Reclaiming Clay

This week in the studio, our Urban Artisans have been going through the process of reclaiming clay. That is the proper term for recycling clay that is unworkable.

Bucket full of saturated clay

Clay is a tricky material to work with. If it is too dry it will crack and crumble, but if it has too much moisture it will be too sticky to mold. That means it has to be just right.

 

We use clay on a daily basis here at ArtMix. It starts out with the right amount of moisture, but our hands and the air in the room slowly dry it out. Reclaiming the clay begins when the clay becomes unworkable.

For every 50 lbs of clay about 30 lbs of it becomes unworkable. That means if we didn't recycle our clay 60% of it would be wasted!

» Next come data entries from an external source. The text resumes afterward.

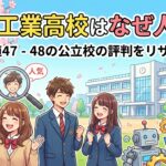 工業高校という特性上、普通科高校とは異なる専門的なカリキュラムが組まれています。偏差値47から48という数値は、基礎学力をしっかり身につけていれば合格を目指せる範囲です。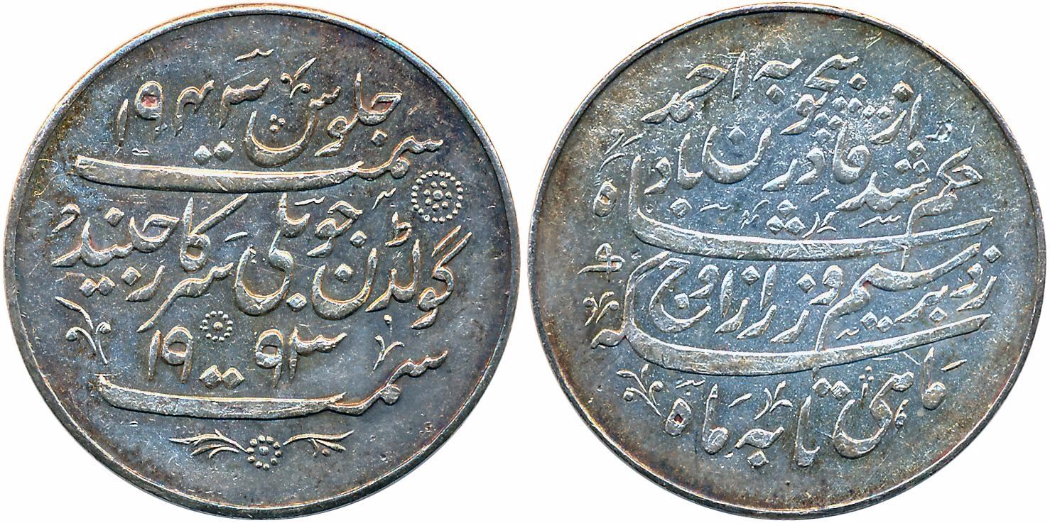 Ranbir Singh, Silver Nazarana Rupee, 11.93g, VS 1943 and 1993, issued to commemorate the 50th anniversary of Ranbir Singh’s reign (KM# Y2). Extremely fine+, very rare.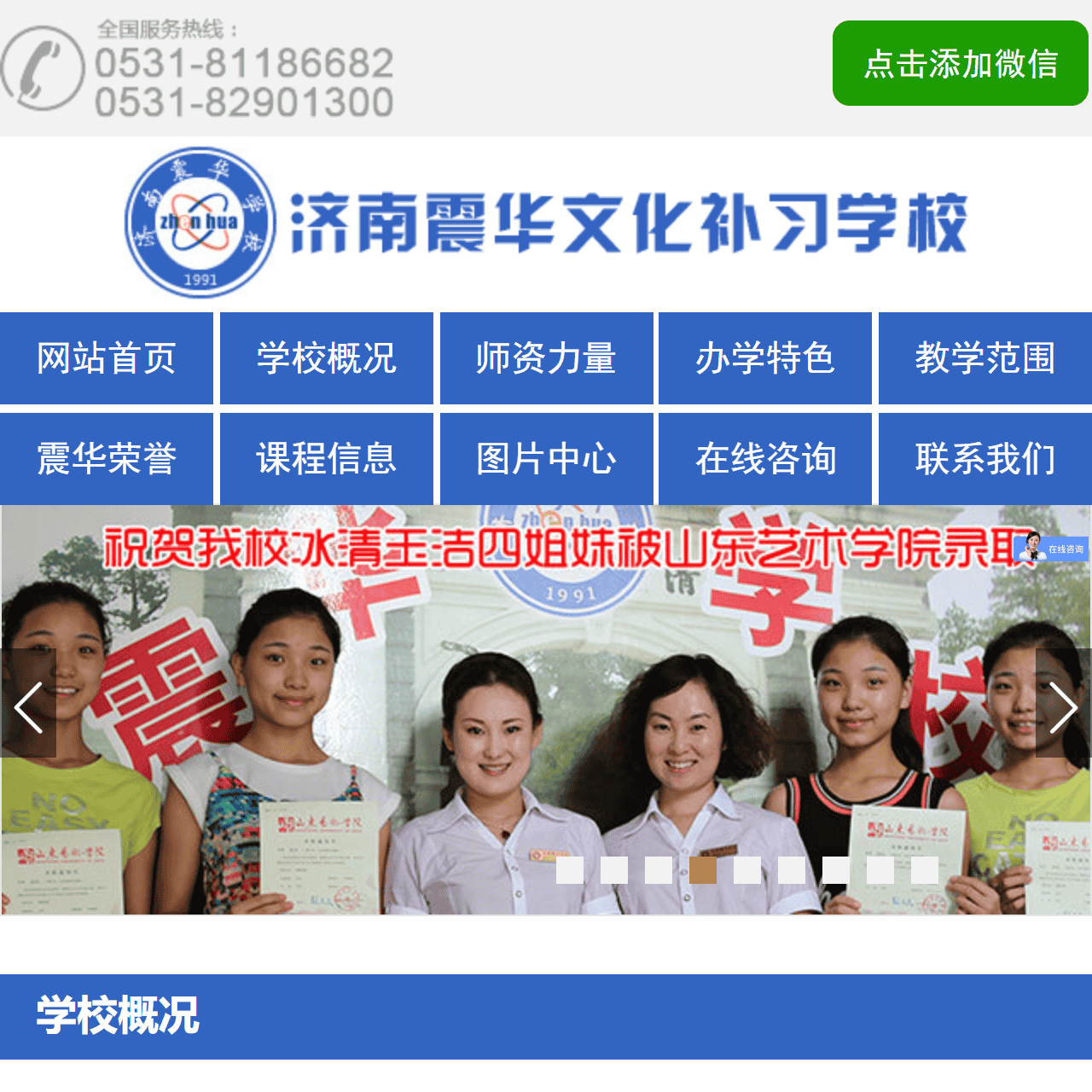 欢迎来到济南市震华文化补习学校的官方网站!我们是一所专注于高中生高考复读的学府,以优质的教学团队、丰富的办学经验和卓越的教学质量而闻名。在这里,我们为学子提供全面的高三复读服务,助力他们在高考中取得优异的成绩。以下是我们网站首页各个导航标签的介绍:

Urban Artisans hold their messy hands up after molding wet clay

 

The reclaiming process begins by collecting dry, unworkable clay. The clay is placed in buckets of water. It takes time for the clay to absorb the moisture, so the clay soaks in the water until the bucket is full. Then the clay-and-water mixture is dumped out, and that is when things get messy (and fun).

The saturated clay is similar to thick mud. The students grab clumps of sticky clay and mold them into arches. This allows for the clay to lose excess moisture more quickly.

Arches of clay in the reclaiming process

Once the aches of clay have lost some moisture, the students take two at a time and "wedge" them together. Have you ever seen someone kneading bread dough? That is what wedging looks like! The students push the clay flat and fold it over on itself and repeat. This step helps determine if the clay has the right moisture content.

An Urban Artisan Intern molding clay into cubes

The final step is shaping the wedged clay into cubes and placing them in plastic. The plastic protects the clay from losing any more moisture. We fill the plastic bags full of clay and then store them until the clay inside is ready to be used. Material that might have been wasted is ready to be made into items you'll find in the ArtMix Gallery!